Эраст Петрович конфузливо развёл руками:
– Уже двадцать семь. Я из вечных студентов. Денег, знаете ли, недостаёт. Год отучишься, потом год служишь где-нибудь. Поднакопишь немного средств – снова учишься…
– Ну, коли вы тут целый год прослужите, мы будем часто видеться, – сказала девушка. – Так что подумайте насчёт портрета. У меня маслом хорошо выходит. Я – Мавра. Без отчества. Просто Мавра и всё.

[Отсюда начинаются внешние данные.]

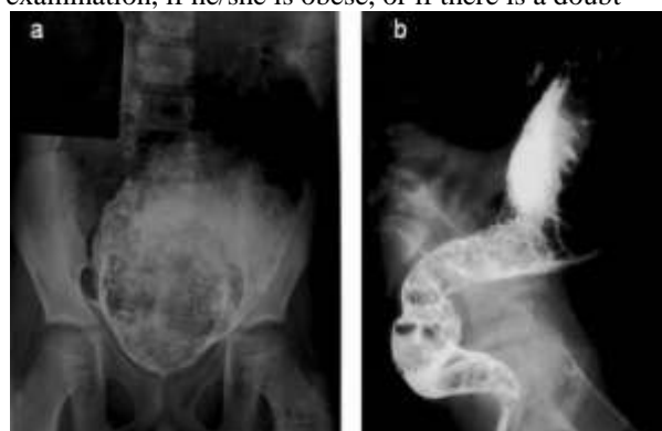
FIG. 2 (a) Barium enema (delayed film) of functional constipation; (b) Barium enema of a patient with Hirschsprung disease.

First step in the management of constipation is to decide whether the child has fecal impaction or not. This can be accomplished by abdominal examination (in half of the cases hard fecal mass or fecalith is palpable in the lower abdomen) [19], by digital rectal examination (rectum is usually loaded with hard stools), or rarely by abdominal X-ray. Routinely abdominal X-ray is not required to detect fecal impaction. However, if the child refuses rectal examination, if he/she is obese, or if there is a doubt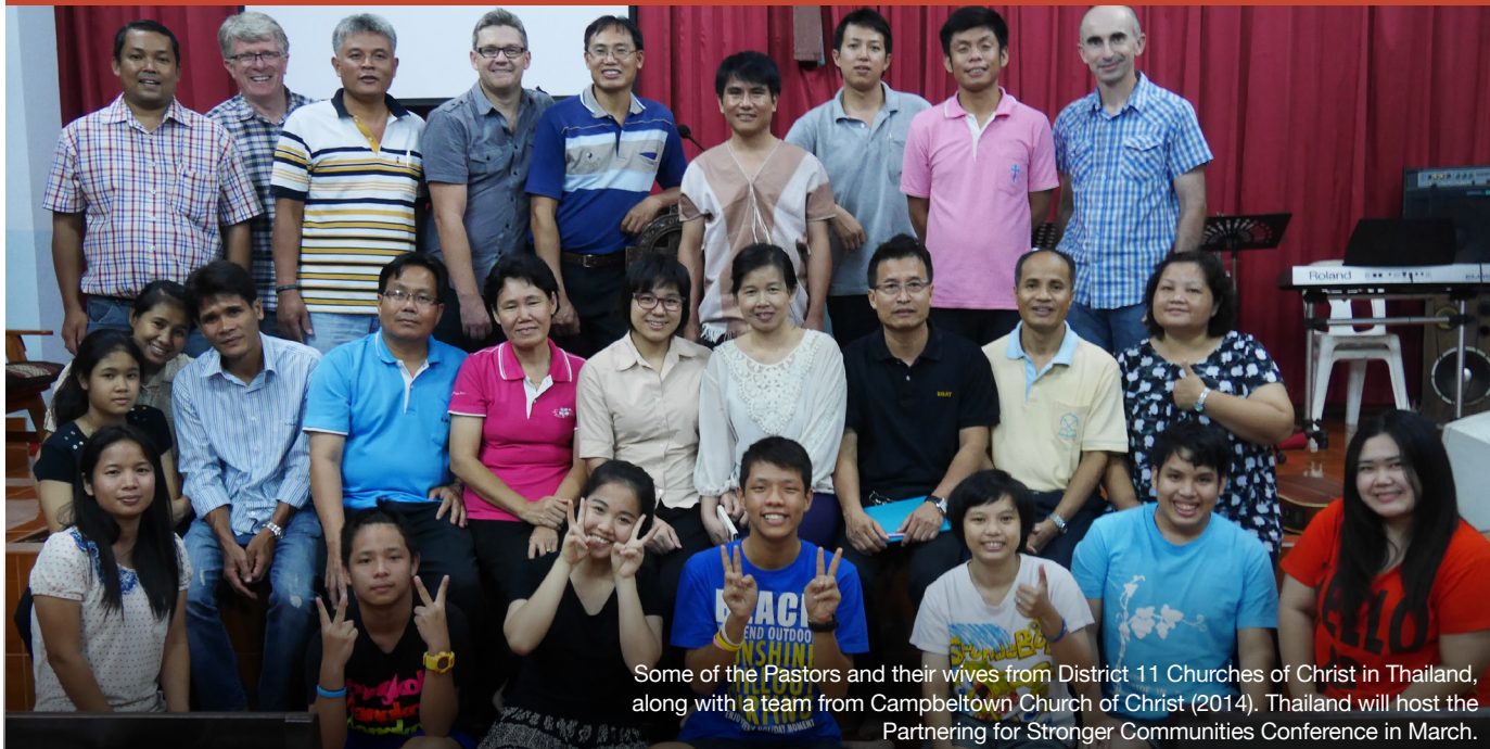
Some of the Pastors and their wives from District 11 Churches of Christ in Thailand, along with a team from Campbelltown Church of Christ (2014). Thailand will host the Partnering for Stronger Communities Conference in March.

В самом деле, похожа на мавра, подумал Эраст Петрович. На мавра-альбиноса: припухлый рот, вздёрнутый носик, вьющиеся светлые волосы. Не зря в Японии говорят, что имя – это судьба. Как человека нарекут, таким он и будет.
Девушка протянула руку – не для поцелуя, а лопаточкой. Сжала ладонь коллежского асессора тонкими, но на удивление сильными пальцами и, поправив на плече лямку этюдника, ушла вниз по лестнице.

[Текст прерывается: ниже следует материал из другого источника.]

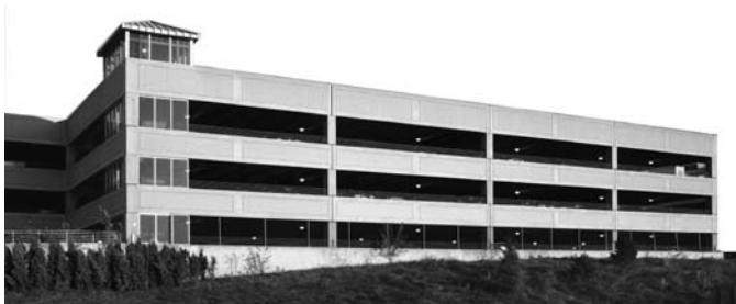
Westage Medical Building Poughkeepsie, NY

These types of healthcare settings reflect the need to accommodate the growing shift from inpatient to outpatient services. Today's healthcare leaders seek affordable and efficient solutions to meet rising consumer expectations for service, quality and access to leading edge medical technology.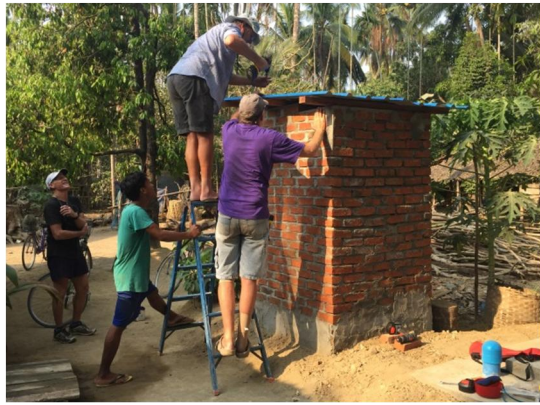
Installing the corrugated roof.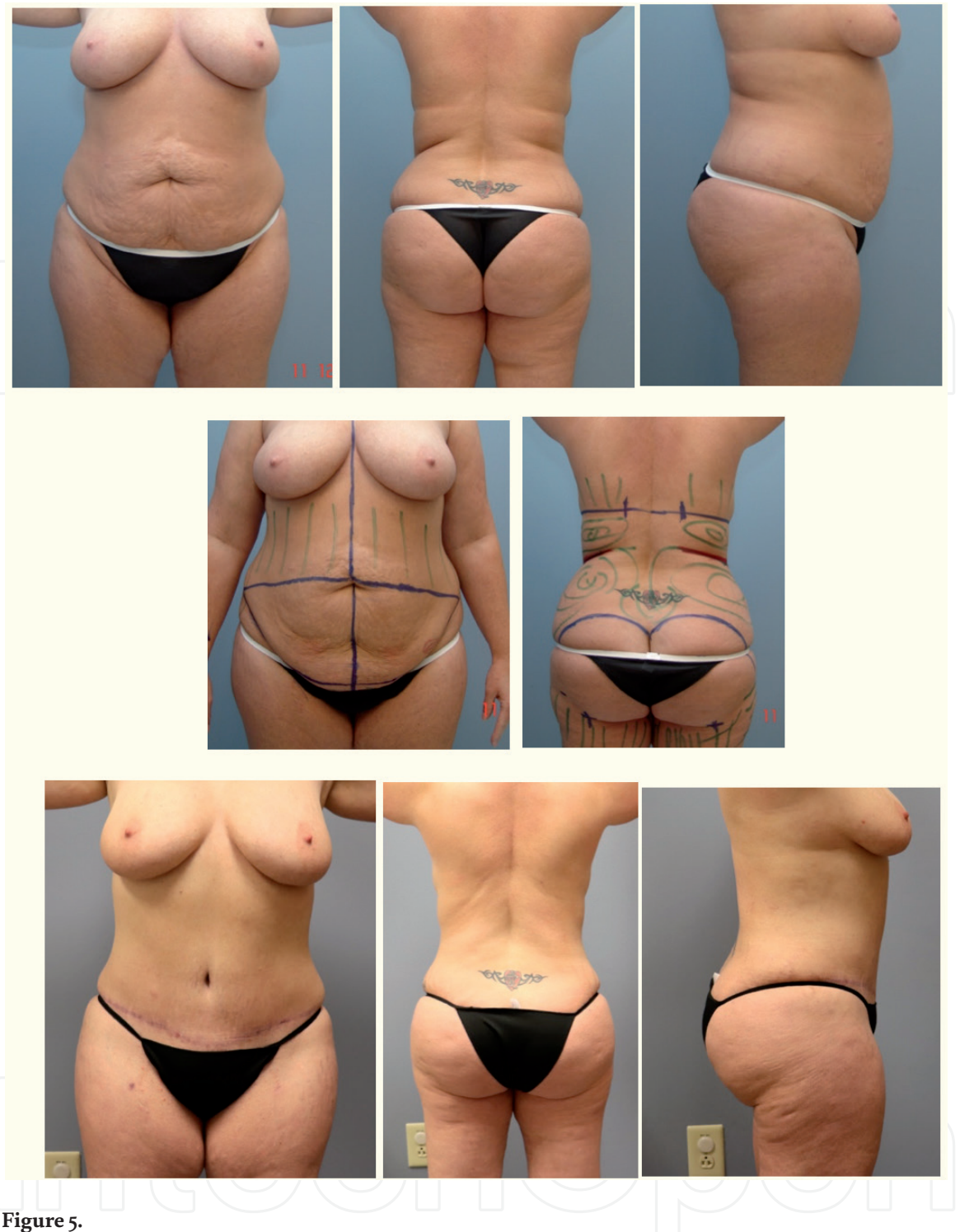
Preoperative photographs demonstrating skin excess and abdominal striae. Postoperative result at 6 months with improved contour.

Contour irregularities may be treated with manual lymphatic drainage (MLD) or Endermologie when mild. Endermologie and MLD help reduce postoperative edema and soften areas of firmness. More significant irregularities may be addressed with Kybella or touch up liposuction.

– Что взглядом провожаете? Хороша? – с деланной небрежностью спросил ремингтонист.
Фандорин оставил вопрос без ответа. Невежливые люди хороши тем, что с ними самими можно тоже не церемониться.
– Поднимаясь по лестнице, я слышал женский плач. Что-то произошло?
Ландринов покривился:
– Поревела немножко. У нас тут история приключилась… Ну да вы, конечно, слышали.

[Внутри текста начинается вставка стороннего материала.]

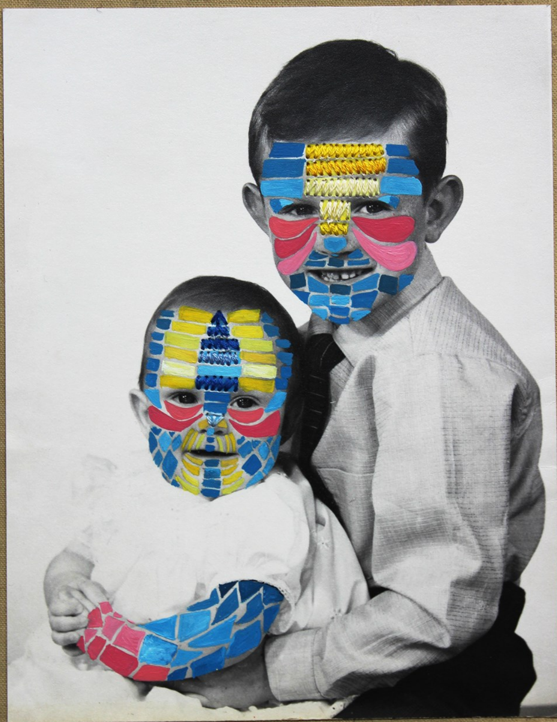
Kara Harris Y13 Photography. Found Photograph, stitching and acrylic Paint. 2014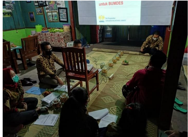
Figure 5. Photos During Exposure to Tourism Synchronicated and BUMDes

The results of the exposure and discussion between the service team and the service participants provide some changes in conditions that can be seen in table 1.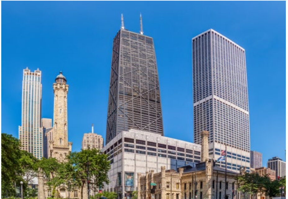
WATERTOWER PLACE & 875 N. CHICAGO - 0.5 MILE FROM 200 E. ILLINOIS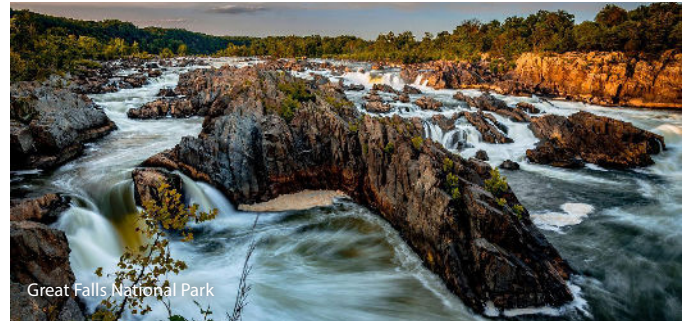
Great Falls National Park

Manassas National Battlefield Park - “Where the Southern Victories Tested the Northern Resolve”. On July 21, 1861, two armies clashed for the first time on the fields overlooking Bull Run. Heavy fighting swept away any notion of a quick war. In August 1862, Union and Confederate armies converged for a second time on the plains of Manassas. The Confederates won a solid victory bringing them to the height of their power.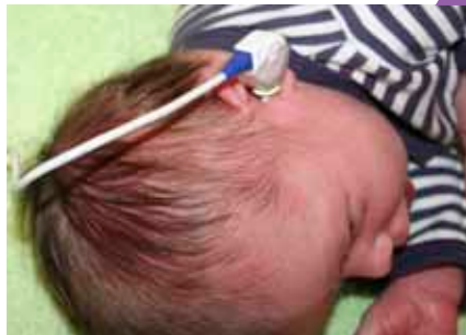
Correct probe placement.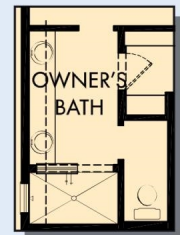
OPTIONAL WALK-IN SHOWER AT OWNER'S BATH

– Вы про смерть Леонарда фон Мака?
– Да, извели-таки старого паука. Яду в чайник подсыпали.
В голосе ремингтониста не слышалось и тени сожаления – такой уж, видно, человек: один у него «тьфу», другой крысеныш, третий паук.
– Кто же это его? – шёпотом спросил Эраст Петрович.
– Не нашего ума дело. У больших хищников и враги большие. Им есть что делить. Стоял дуб-великан, да и рухнул. Заодно пару муравьёв придавил, ну да кому до них, козявок, дело?
Коллежский асессор изобразил непонимание. Ландринов зло хохотнул:
– Само собой, вы и не слыхали. Кроме фон Мака ещё двое отравились, но до мелюзги никому дела нет. Мужик-уборщик и ещё некий Стерн, жених Мавры Лукинишны. Между нами, дрянь был человечишка. Чем невесту себе добыл, знаете? Фамилией да Парижем.
Тут уж Эраст Петрович и вправду не понял.
– Простите?
– Мавре Лукинишне её фамилия не нравится – Сердюк.
– Почему?
– Вот и я ей говорю. Фамилия как фамилия, а она страдает. Говорит: кем в России может стать женщина, если её зовут Мавра Лукинишна Сердюк? Лавочницей? Купчихой? Ну самое лучшее – акушеркой. А она мечтает быть художницей. Ну Стерн, скотина, и воспользовался. Ему недавно наследство досталось, от тётки. Не такое и большое, тысячонок пять, но он сразу к Мавре, свататься. Уедем в Париж, говорит, там сейчас все самоглавнейшие художники проживают. И имя у вас будет красивое: мадам Стерн. Она, дурочка, и клюнула. Только Бог иначе рассудил. Не будет ей ни фамилии, ни Парижа.
В голосе ремингтониста прозвучало явное удовлетворение. Экий мизантроп, подумал Эраст Петрович. То-то у него цвет лица в желтизну, это от разлития жёлчи.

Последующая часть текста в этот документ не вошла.